### WHAT YOU WILL DO
The output should be the listing below, limited to the lines from the one with "Finally, we present" through the one with "风云办公提供的城乡地理经济社", exact and without pictures.

### DATASET EXTRACT
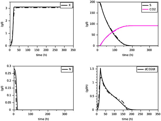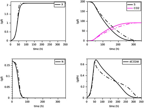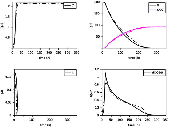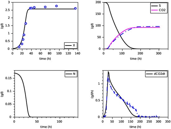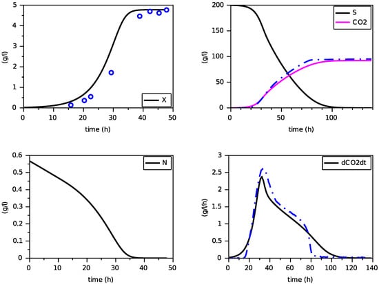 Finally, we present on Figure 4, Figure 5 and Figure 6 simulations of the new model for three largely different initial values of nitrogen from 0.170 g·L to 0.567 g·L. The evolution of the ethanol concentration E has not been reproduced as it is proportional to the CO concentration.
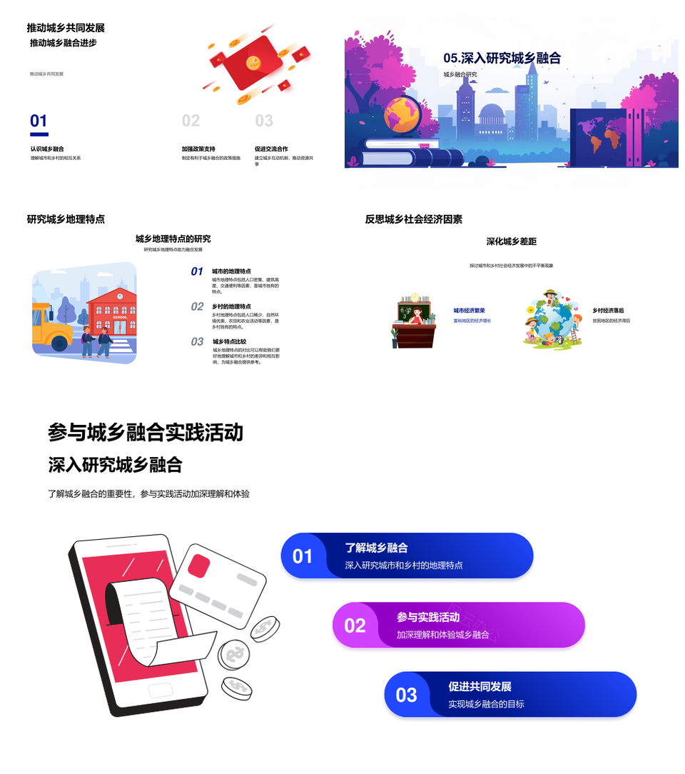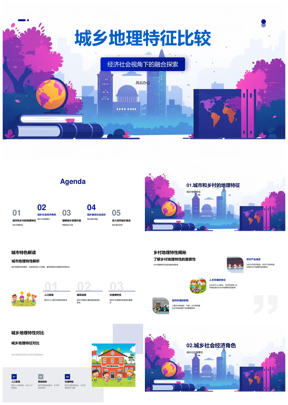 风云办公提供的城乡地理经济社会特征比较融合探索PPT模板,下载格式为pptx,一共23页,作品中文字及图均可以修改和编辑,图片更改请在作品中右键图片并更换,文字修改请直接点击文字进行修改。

* * *

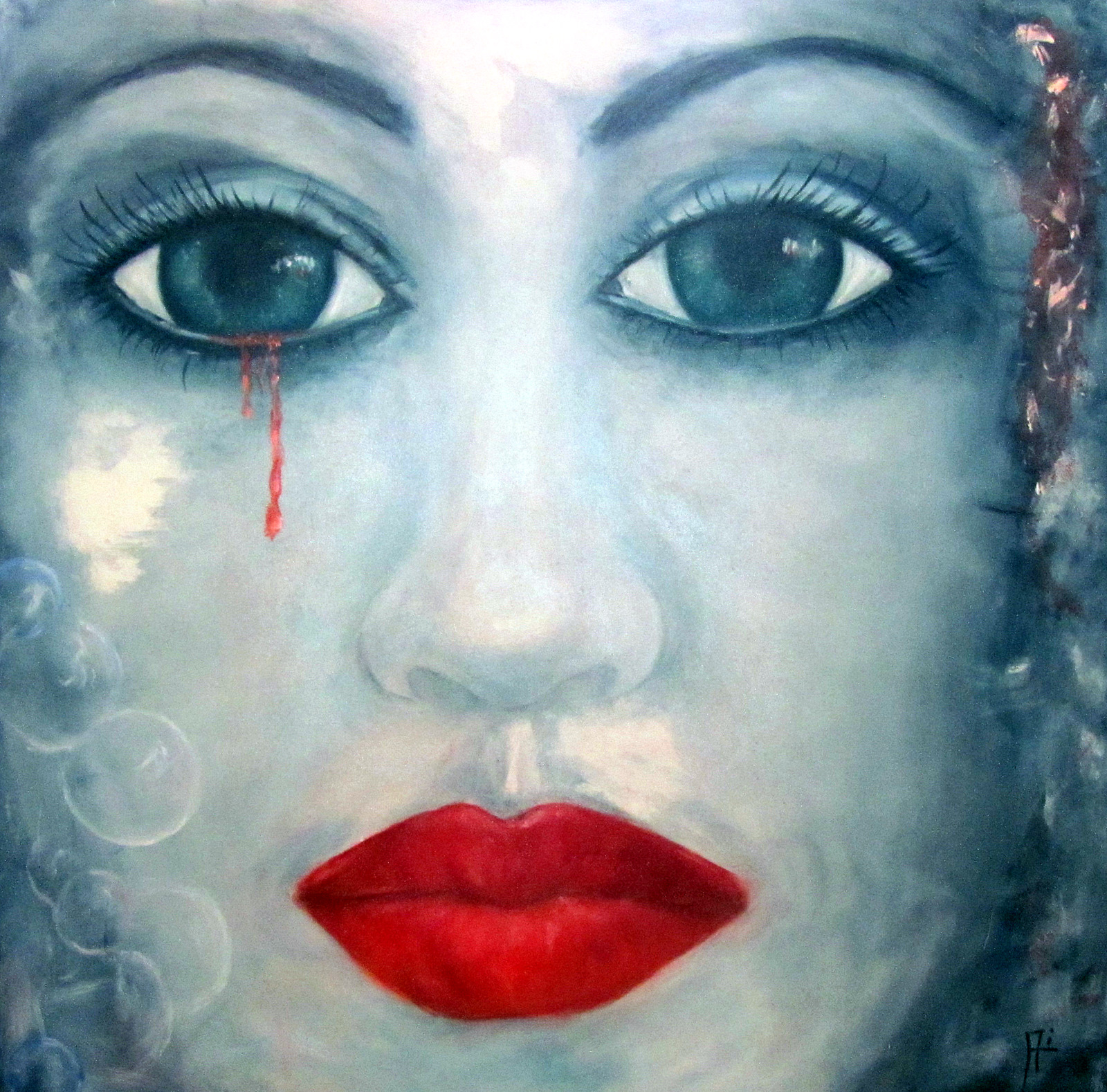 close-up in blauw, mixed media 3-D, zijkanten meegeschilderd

### WRITTEN SOLUTION
 Finally, we present on Figure 4, Figure 5 and Figure 6 simulations of the new model for three largely different initial values of nitrogen from 0.170 g·L to 0.567 g·L. The evolution of the ethanol concentration E has not been reproduced as it is proportional to the CO concentration.
 风云办公提供的城乡地理经济社会特征比较融合探索PPT模板,下载格式为pptx,一共23页,作品中文字及图均可以修改和编辑,图片更改请在作品中右键图片并更换,文字修改请直接点击文字进行修改。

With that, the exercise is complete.